As he caressed the paths of the tears from her face, Rhapsody thought back to a conversation she had once had with her father, not long before she ran away from home. How did the village come to change its mind about our family? she had asked him. If Mama was so despised, when you first married, why did you stay’?
She could see his face in her memory, wrinkles pocketing around his eyes as he smiled at her, his hands still polishing the wood carving he was making, unable to ever be idle. When you find the one thing in your life you believe in above anything else, you owe it to yourself to stand by it—it will never come again, child. And if you believe in it unwaveringly, the world has no other choice but to see it as you do, eventually. For who knows it better than you’? Don’t be afraid to take a difficult stand, darling. Find the one thing that matters—everything else will resolve itself.

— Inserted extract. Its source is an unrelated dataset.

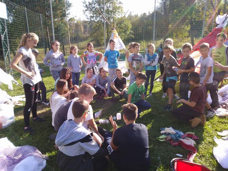 Koniec września to czas, kiedy w naszej szkole odbył się tzw „zaciąg” czyli akcja naborowa do gromady zuchowej oraz drużyny harcerskiej. Uczestnicy zostali przeniesieni w indiański świat, a w nim zabawy, gry, majsterki, pląsy, elementy technik harcerskich i oczywiście ognisko, przy którym miło spędziliśmy czas zajadając się pieczonymi kiełbaskami.

Once the memory had given her wisdom about her loyalty to the Bolg. Now Rhapsody looked into Ashe’s eyes, and knew again what her father had meant. It was as if heavy cloaks were falling off her shoulders; the yammering voices in her ears faded away, leaving only the song of one man, the man who had taken over her whole heart. He was offering her a handhold out of the forest, guiding her to where she wanted to go as surely as he had shown her the way to Elynsynos’s lair or Tyrian. And she desperately wanted to follow him.